What the task requires: Please retype the records that appear below, exactly and in full.

Material for this task:
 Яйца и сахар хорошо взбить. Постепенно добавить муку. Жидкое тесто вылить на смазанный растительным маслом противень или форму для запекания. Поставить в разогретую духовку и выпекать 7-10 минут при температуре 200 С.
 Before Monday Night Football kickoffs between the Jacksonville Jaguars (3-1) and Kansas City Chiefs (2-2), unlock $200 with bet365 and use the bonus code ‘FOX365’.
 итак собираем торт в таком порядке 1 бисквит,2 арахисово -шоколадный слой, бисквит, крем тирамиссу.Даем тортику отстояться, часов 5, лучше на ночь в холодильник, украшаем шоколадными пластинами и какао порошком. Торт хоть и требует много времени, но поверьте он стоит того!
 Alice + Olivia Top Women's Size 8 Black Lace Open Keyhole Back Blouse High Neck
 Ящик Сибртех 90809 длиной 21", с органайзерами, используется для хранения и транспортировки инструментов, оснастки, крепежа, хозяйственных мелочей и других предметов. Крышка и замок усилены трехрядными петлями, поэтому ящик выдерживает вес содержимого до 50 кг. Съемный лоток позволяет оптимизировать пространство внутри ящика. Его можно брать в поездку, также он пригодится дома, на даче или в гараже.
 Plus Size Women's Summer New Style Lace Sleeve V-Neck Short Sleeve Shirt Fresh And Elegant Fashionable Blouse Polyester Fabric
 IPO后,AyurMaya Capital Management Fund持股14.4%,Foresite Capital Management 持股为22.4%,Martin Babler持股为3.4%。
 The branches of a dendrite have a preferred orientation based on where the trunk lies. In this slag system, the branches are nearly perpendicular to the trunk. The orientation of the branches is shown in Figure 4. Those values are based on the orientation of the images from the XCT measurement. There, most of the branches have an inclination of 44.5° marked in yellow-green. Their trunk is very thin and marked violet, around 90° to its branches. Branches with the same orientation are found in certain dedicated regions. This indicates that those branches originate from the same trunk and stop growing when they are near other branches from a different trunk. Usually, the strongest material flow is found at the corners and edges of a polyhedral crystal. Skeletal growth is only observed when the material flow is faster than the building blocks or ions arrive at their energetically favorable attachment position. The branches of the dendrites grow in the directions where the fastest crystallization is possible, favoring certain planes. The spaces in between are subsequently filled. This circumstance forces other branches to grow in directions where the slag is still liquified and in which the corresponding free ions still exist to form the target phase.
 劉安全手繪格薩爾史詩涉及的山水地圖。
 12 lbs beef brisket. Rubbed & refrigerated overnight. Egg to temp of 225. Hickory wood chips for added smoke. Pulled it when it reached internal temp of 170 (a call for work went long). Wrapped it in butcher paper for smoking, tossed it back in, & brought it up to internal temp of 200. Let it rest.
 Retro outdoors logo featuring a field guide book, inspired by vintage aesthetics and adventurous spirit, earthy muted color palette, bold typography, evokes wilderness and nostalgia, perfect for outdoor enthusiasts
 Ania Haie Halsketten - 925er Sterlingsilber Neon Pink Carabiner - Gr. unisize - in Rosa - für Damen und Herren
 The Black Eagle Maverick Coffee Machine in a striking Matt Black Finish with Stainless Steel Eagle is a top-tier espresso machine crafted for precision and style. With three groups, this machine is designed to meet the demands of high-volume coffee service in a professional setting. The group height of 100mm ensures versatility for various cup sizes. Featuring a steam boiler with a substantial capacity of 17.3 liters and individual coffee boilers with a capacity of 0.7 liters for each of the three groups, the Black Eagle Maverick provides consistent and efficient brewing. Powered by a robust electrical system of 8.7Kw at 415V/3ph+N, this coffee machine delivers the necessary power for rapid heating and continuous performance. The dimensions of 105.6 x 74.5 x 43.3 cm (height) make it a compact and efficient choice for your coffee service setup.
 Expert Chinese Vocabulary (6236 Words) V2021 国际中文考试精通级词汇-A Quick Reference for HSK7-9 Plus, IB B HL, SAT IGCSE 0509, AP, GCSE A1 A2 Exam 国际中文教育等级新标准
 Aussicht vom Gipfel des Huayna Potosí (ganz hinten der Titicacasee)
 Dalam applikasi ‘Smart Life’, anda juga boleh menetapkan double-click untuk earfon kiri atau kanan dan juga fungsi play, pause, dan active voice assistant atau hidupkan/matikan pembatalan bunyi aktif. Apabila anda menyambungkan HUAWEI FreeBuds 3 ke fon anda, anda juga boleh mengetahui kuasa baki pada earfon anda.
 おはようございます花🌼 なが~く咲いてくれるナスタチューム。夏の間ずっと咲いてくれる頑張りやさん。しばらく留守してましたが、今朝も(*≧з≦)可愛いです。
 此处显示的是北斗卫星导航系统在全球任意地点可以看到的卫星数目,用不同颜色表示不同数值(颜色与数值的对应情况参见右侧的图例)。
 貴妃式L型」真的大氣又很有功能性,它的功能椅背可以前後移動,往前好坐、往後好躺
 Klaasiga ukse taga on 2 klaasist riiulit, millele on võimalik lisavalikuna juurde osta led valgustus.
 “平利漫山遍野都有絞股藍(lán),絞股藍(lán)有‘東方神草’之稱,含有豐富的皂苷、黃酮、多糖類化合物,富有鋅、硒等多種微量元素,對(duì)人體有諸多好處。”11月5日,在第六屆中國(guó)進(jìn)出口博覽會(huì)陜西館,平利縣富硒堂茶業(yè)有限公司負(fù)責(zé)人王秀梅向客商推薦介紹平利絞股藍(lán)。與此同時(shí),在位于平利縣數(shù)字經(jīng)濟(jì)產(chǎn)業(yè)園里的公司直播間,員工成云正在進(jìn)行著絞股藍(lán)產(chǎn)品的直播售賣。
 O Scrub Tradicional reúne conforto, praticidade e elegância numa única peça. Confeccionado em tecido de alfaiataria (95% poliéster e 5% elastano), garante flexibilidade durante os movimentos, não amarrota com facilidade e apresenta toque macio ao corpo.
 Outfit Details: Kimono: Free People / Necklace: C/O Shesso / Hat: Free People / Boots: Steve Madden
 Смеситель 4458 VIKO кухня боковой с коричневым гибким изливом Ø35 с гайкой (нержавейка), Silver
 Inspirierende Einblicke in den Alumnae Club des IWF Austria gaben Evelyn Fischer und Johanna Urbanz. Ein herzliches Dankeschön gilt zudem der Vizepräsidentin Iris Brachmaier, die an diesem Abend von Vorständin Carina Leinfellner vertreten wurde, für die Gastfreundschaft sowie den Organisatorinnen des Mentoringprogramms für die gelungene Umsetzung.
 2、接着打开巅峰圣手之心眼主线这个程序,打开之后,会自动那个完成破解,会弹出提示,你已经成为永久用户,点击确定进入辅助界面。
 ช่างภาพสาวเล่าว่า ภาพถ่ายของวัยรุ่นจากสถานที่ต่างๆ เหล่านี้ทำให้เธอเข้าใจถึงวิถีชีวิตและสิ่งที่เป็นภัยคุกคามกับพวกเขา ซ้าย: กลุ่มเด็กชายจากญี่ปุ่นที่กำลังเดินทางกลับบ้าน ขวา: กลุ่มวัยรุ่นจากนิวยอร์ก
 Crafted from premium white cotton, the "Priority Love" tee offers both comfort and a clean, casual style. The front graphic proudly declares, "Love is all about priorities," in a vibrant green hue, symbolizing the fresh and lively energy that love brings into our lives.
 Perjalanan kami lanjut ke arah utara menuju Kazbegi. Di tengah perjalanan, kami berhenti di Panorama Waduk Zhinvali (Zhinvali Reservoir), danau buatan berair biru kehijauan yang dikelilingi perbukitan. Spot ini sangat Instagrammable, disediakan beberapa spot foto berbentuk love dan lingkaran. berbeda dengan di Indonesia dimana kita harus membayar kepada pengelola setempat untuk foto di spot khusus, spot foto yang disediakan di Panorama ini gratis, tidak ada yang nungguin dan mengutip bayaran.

Written answer:
 Яйца и сахар хорошо взбить. Постепенно добавить муку. Жидкое тесто вылить на смазанный растительным маслом противень или форму для запекания. Поставить в разогретую духовку и выпекать 7-10 минут при температуре 200 С.
 Before Monday Night Football kickoffs between the Jacksonville Jaguars (3-1) and Kansas City Chiefs (2-2), unlock $200 with bet365 and use the bonus code ‘FOX365’.
 итак собираем торт в таком порядке 1 бисквит,2 арахисово -шоколадный слой, бисквит, крем тирамиссу.Даем тортику отстояться, часов 5, лучше на ночь в холодильник, украшаем шоколадными пластинами и какао порошком. Торт хоть и требует много времени, но поверьте он стоит того!
 Alice + Olivia Top Women's Size 8 Black Lace Open Keyhole Back Blouse High Neck
 Ящик Сибртех 90809 длиной 21", с органайзерами, используется для хранения и транспортировки инструментов, оснастки, крепежа, хозяйственных мелочей и других предметов. Крышка и замок усилены трехрядными петлями, поэтому ящик выдерживает вес содержимого до 50 кг. Съемный лоток позволяет оптимизировать пространство внутри ящика. Его можно брать в поездку, также он пригодится дома, на даче или в гараже.
 Plus Size Women's Summer New Style Lace Sleeve V-Neck Short Sleeve Shirt Fresh And Elegant Fashionable Blouse Polyester Fabric
 IPO后,AyurMaya Capital Management Fund持股14.4%,Foresite Capital Management 持股为22.4%,Martin Babler持股为3.4%。
 The branches of a dendrite have a preferred orientation based on where the trunk lies. In this slag system, the branches are nearly perpendicular to the trunk. The orientation of the branches is shown in Figure 4. Those values are based on the orientation of the images from the XCT measurement. There, most of the branches have an inclination of 44.5° marked in yellow-green. Their trunk is very thin and marked violet, around 90° to its branches. Branches with the same orientation are found in certain dedicated regions. This indicates that those branches originate from the same trunk and stop growing when they are near other branches from a different trunk. Usually, the strongest material flow is found at the corners and edges of a polyhedral crystal. Skeletal growth is only observed when the material flow is faster than the building blocks or ions arrive at their energetically favorable attachment position. The branches of the dendrites grow in the directions where the fastest crystallization is possible, favoring certain planes. The spaces in between are subsequently filled. This circumstance forces other branches to grow in directions where the slag is still liquified and in which the corresponding free ions still exist to form the target phase.
 劉安全手繪格薩爾史詩涉及的山水地圖。
 12 lbs beef brisket. Rubbed & refrigerated overnight. Egg to temp of 225. Hickory wood chips for added smoke. Pulled it when it reached internal temp of 170 (a call for work went long). Wrapped it in butcher paper for smoking, tossed it back in, & brought it up to internal temp of 200. Let it rest.
 Retro outdoors logo featuring a field guide book, inspired by vintage aesthetics and adventurous spirit, earthy muted color palette, bold typography, evokes wilderness and nostalgia, perfect for outdoor enthusiasts
 Ania Haie Halsketten - 925er Sterlingsilber Neon Pink Carabiner - Gr. unisize - in Rosa - für Damen und Herren
 The Black Eagle Maverick Coffee Machine in a striking Matt Black Finish with Stainless Steel Eagle is a top-tier espresso machine crafted for precision and style. With three groups, this machine is designed to meet the demands of high-volume coffee service in a professional setting. The group height of 100mm ensures versatility for various cup sizes. Featuring a steam boiler with a substantial capacity of 17.3 liters and individual coffee boilers with a capacity of 0.7 liters for each of the three groups, the Black Eagle Maverick provides consistent and efficient brewing. Powered by a robust electrical system of 8.7Kw at 415V/3ph+N, this coffee machine delivers the necessary power for rapid heating and continuous performance. The dimensions of 105.6 x 74.5 x 43.3 cm (height) make it a compact and efficient choice for your coffee service setup.
 Expert Chinese Vocabulary (6236 Words) V2021 国际中文考试精通级词汇-A Quick Reference for HSK7-9 Plus, IB B HL, SAT IGCSE 0509, AP, GCSE A1 A2 Exam 国际中文教育等级新标准
 Aussicht vom Gipfel des Huayna Potosí (ganz hinten der Titicacasee)
 Dalam applikasi ‘Smart Life’, anda juga boleh menetapkan double-click untuk earfon kiri atau kanan dan juga fungsi play, pause, dan active voice assistant atau hidupkan/matikan pembatalan bunyi aktif. Apabila anda menyambungkan HUAWEI FreeBuds 3 ke fon anda, anda juga boleh mengetahui kuasa baki pada earfon anda.
 おはようございます花🌼 なが~く咲いてくれるナスタチューム。夏の間ずっと咲いてくれる頑張りやさん。しばらく留守してましたが、今朝も(*≧з≦)可愛いです。
 此处显示的是北斗卫星导航系统在全球任意地点可以看到的卫星数目,用不同颜色表示不同数值(颜色与数值的对应情况参见右侧的图例)。
 貴妃式L型」真的大氣又很有功能性,它的功能椅背可以前後移動,往前好坐、往後好躺
 Klaasiga ukse taga on 2 klaasist riiulit, millele on võimalik lisavalikuna juurde osta led valgustus.
 “平利漫山遍野都有絞股藍(lán),絞股藍(lán)有‘東方神草’之稱,含有豐富的皂苷、黃酮、多糖類化合物,富有鋅、硒等多種微量元素,對(duì)人體有諸多好處。”11月5日,在第六屆中國(guó)進(jìn)出口博覽會(huì)陜西館,平利縣富硒堂茶業(yè)有限公司負(fù)責(zé)人王秀梅向客商推薦介紹平利絞股藍(lán)。與此同時(shí),在位于平利縣數(shù)字經(jīng)濟(jì)產(chǎn)業(yè)園里的公司直播間,員工成云正在進(jìn)行著絞股藍(lán)產(chǎn)品的直播售賣。
 O Scrub Tradicional reúne conforto, praticidade e elegância numa única peça. Confeccionado em tecido de alfaiataria (95% poliéster e 5% elastano), garante flexibilidade durante os movimentos, não amarrota com facilidade e apresenta toque macio ao corpo.
 Outfit Details: Kimono: Free People / Necklace: C/O Shesso / Hat: Free People / Boots: Steve Madden
 Смеситель 4458 VIKO кухня боковой с коричневым гибким изливом Ø35 с гайкой (нержавейка), Silver
 Inspirierende Einblicke in den Alumnae Club des IWF Austria gaben Evelyn Fischer und Johanna Urbanz. Ein herzliches Dankeschön gilt zudem der Vizepräsidentin Iris Brachmaier, die an diesem Abend von Vorständin Carina Leinfellner vertreten wurde, für die Gastfreundschaft sowie den Organisatorinnen des Mentoringprogramms für die gelungene Umsetzung.
 2、接着打开巅峰圣手之心眼主线这个程序,打开之后,会自动那个完成破解,会弹出提示,你已经成为永久用户,点击确定进入辅助界面。
 ช่างภาพสาวเล่าว่า ภาพถ่ายของวัยรุ่นจากสถานที่ต่างๆ เหล่านี้ทำให้เธอเข้าใจถึงวิถีชีวิตและสิ่งที่เป็นภัยคุกคามกับพวกเขา ซ้าย: กลุ่มเด็กชายจากญี่ปุ่นที่กำลังเดินทางกลับบ้าน ขวา: กลุ่มวัยรุ่นจากนิวยอร์ก
 Crafted from premium white cotton, the "Priority Love" tee offers both comfort and a clean, casual style. The front graphic proudly declares, "Love is all about priorities," in a vibrant green hue, symbolizing the fresh and lively energy that love brings into our lives.
 Perjalanan kami lanjut ke arah utara menuju Kazbegi. Di tengah perjalanan, kami berhenti di Panorama Waduk Zhinvali (Zhinvali Reservoir), danau buatan berair biru kehijauan yang dikelilingi perbukitan. Spot ini sangat Instagrammable, disediakan beberapa spot foto berbentuk love dan lingkaran. berbeda dengan di Indonesia dimana kita harus membayar kepada pengelola setempat untuk foto di spot khusus, spot foto yang disediakan di Panorama ini gratis, tidak ada yang nungguin dan mengutip bayaran.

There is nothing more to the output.